In doing this exercise, I followed a tutorial from the statsguys' blog.
First, I downloaded all the data files from Kaggle. Next, I will store the datasets:
# setwd('Dropbox/Data Science/Kaggle/March Madness/') Read files
regSeason <- read.csv("regular_season_results.csv", header = TRUE, stringsAsFactors = FALSE)
seasons <- read.csv("seasons.csv", header = TRUE, stringsAsFactors = FALSE)
teams <- read.csv("teams.csv", header = TRUE, stringsAsFactors = FALSE)
tourneyRes <- read.csv("tourney_results.csv", header = TRUE, stringsAsFactors = FALSE)
tourneySeeds <- read.csv("tourney_seeds.csv", header = TRUE, stringsAsFactors = FALSE)
tourneySlots <- read.csv("tourney_slots.csv", header = TRUE, stringsAsFactors = FALSE)
Next, examine the data:
head(regSeason)
## season daynum wteam wscore lteam lscore wloc numot
## 1 A 16 511 91 647 57 H NA
## 2 A 16 515 75 812 67 H NA
## 3 A 16 606 87 658 67 H NA
## 4 A 16 670 73 573 65 H NA
## 5 A 16 721 99 632 68 H NA
## 6 A 16 842 102 597 86 A NA
tail(regSeason)
## season daynum wteam wscore lteam lscore wloc numot
## 91219 S 131 842 88 709 67 H 0
## 91220 S 132 592 61 640 60 N 0
## 91221 S 132 671 69 670 55 N 0
## 91222 S 132 779 65 825 61 N 0
## 91223 S 132 811 82 605 81 N 1
## 91224 S 132 830 72 577 63 N 0
According to Kaggle: This file identifies the game-by-game results for all 18 seasons of historical data, from season A (1995-6) through season R (2012-3). Each year, it includes all games played from daynum 0 through 132 (which by definition is “Selection Sunday”, the day that tournament pairings are announced).

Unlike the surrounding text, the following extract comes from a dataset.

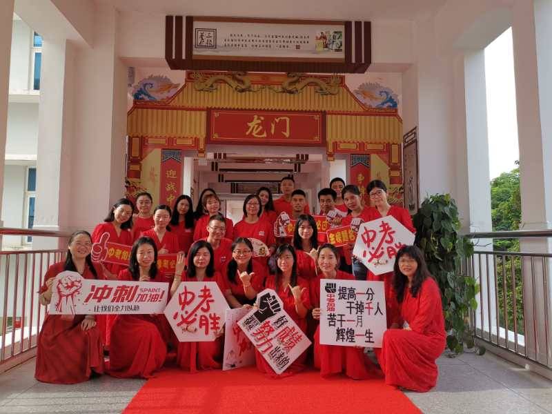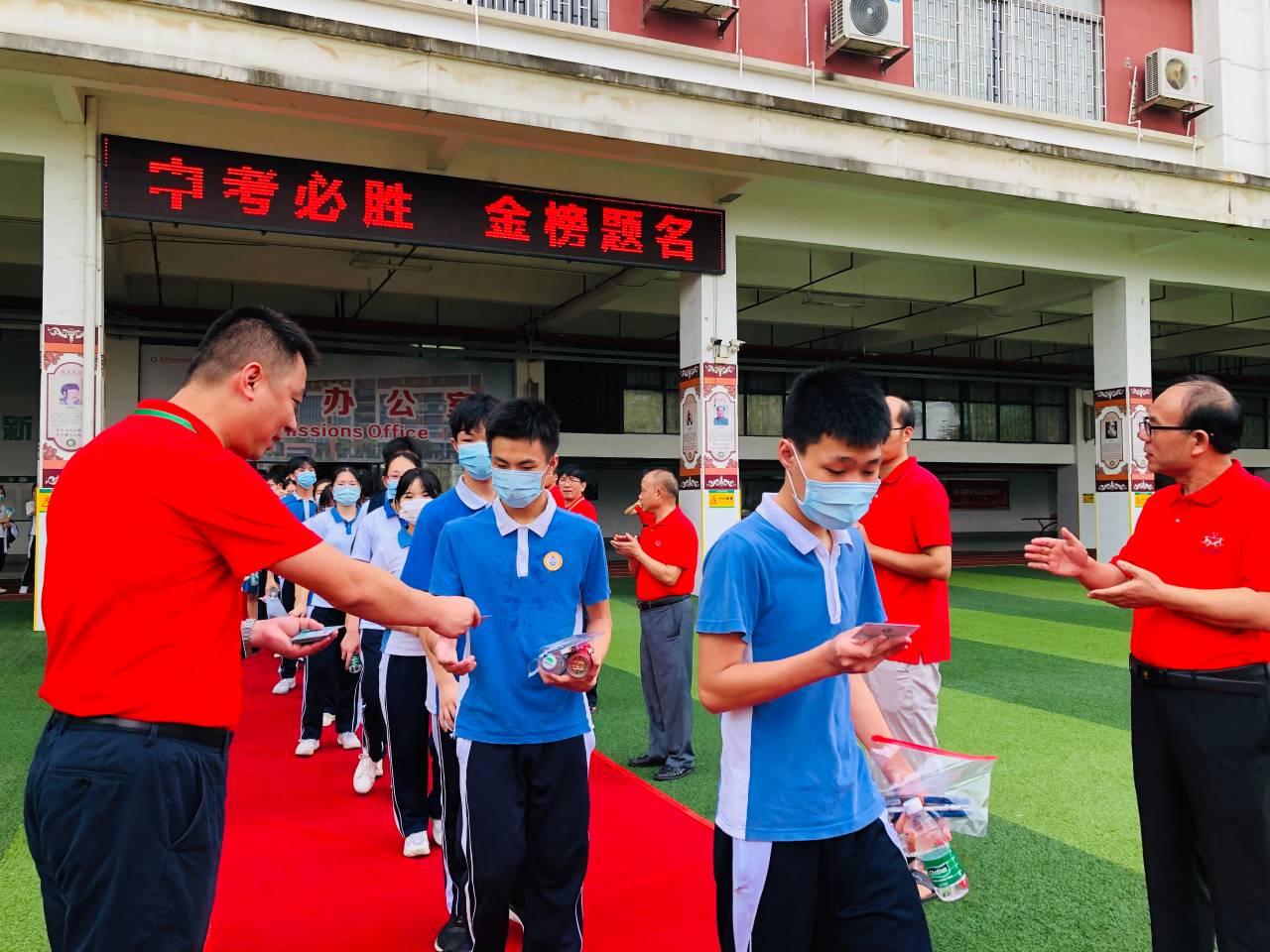 龍崗六約學(xué)校全體行政人員與九年級老師,穿著紅色送考服送考,寓意“鴻運當(dāng)頭”。九年級學(xué)生走過龍門,踏上紅地毯,自帶炫酷出場bgm。(記者李麗、周紅聲)

Each row in the file represents a single game played.
season - this is the one-letter identifier of the season, - corresponding to the “season” column in the “seasons.csv” file.

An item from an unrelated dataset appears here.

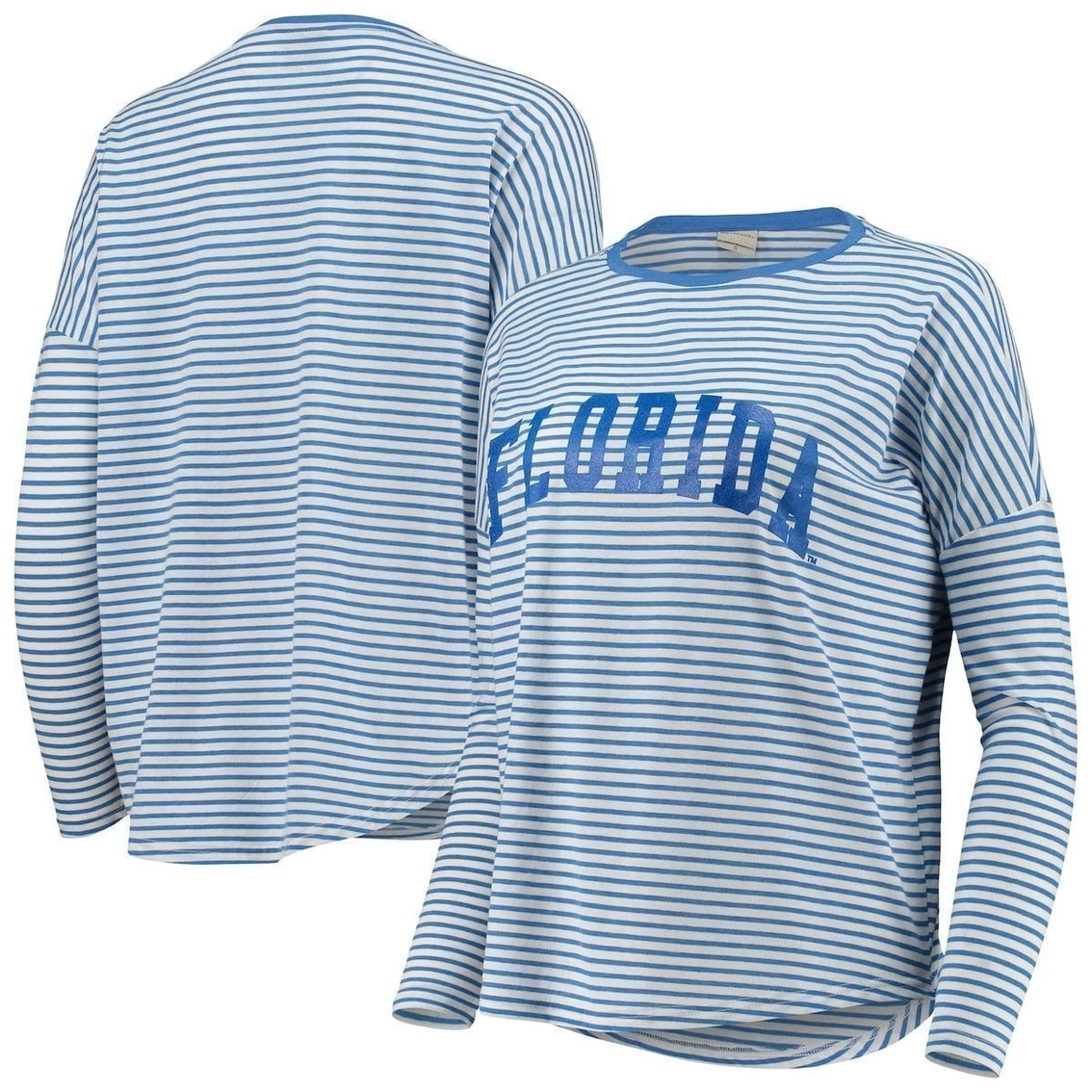 SKU: DSCO1141956368 Categories: T-Shirts, Tops, Women's Clothing Tags: Clothing & Accessories, T-Shirts, University Girl, Women's Royal/White Florida Gators Melange Striped Boxy Long Sleeve T-Shirt

daynum - this integer always ranges from 0 to 132, and tells you what day the game was played on. It represents an offset from the
dayzero date in the “seasons.csv” file. For example, the first game in the file was daynum=16. Combined with the fact from the “season.csv”“ file that day zero was 10/30/1995, that means the first game was played 16 days later, or 11/15/1995. There are no teams that ever played more than one game on a given date, so you can use this fact if you need a unique key. In order to accomplish this uniqueness, we had to adjust one game's date. In March 2008, the SEC postseason tournament had to reschedule one game (Georgia-Kentucky) to a subsequent day, so Georgia had to actually play two games on the same day. In order to enforce this uniqueness, we moved the game date for the Georgia-Kentucky game back to its original date.
wteam - this identifies the id number of the team that won the game, as listed in the "teams.csv” file. No matter whether the game was won by the home team or visiting team, “wteam” always identifies the winning team.
wscore - this identifies the number of points scored by the winning team.
lteam - this identifies the id number of the team that lost the game.
lscore - this identifies the number of points scored by the l osing team.
numot - this indicates the number of overtime periods in the game, an integer 0 or higher. Note that this information is only available for season J (2004-5) or later. For seasons A thru I, all games will have numot=NA.
wloc - this identifies the “location” of the winning team. If the winning team was the home team, this value will be “H”. If the winning team was the visiting team, this value will be “A”. If it was played on a neutral court, then this value will be “N”. Sometimes it is unclear whether the site should be considered neutral, since it is near one team's home court, or even on their court during a tournament, but for this determination we have simply used the Kenneth Massey data in its current state, where the “@” sign is either listed with the winning team, the losing team, or neither team.
head(seasons)
## season years dayzero regionW regionX regionY regionZ
## 1 A 1995-1996 10/30/1995 East Midwest Southeast West
## 2 B 1996-1997 10/28/1996 East Southeast Midwest West
## 3 C 1997-1998 10/27/1997 East West Midwest South
## 4 D 1998-1999 10/26/1998 East Midwest South West
## 5 E 1999-2000 11/01/1999 Midwest West East South
## 6 F 2000-2001 10/30/2000 East West Midwest South
According to Kaggle: This file identifies the 18 different seasons included in the historical data, along with certain season-level properties.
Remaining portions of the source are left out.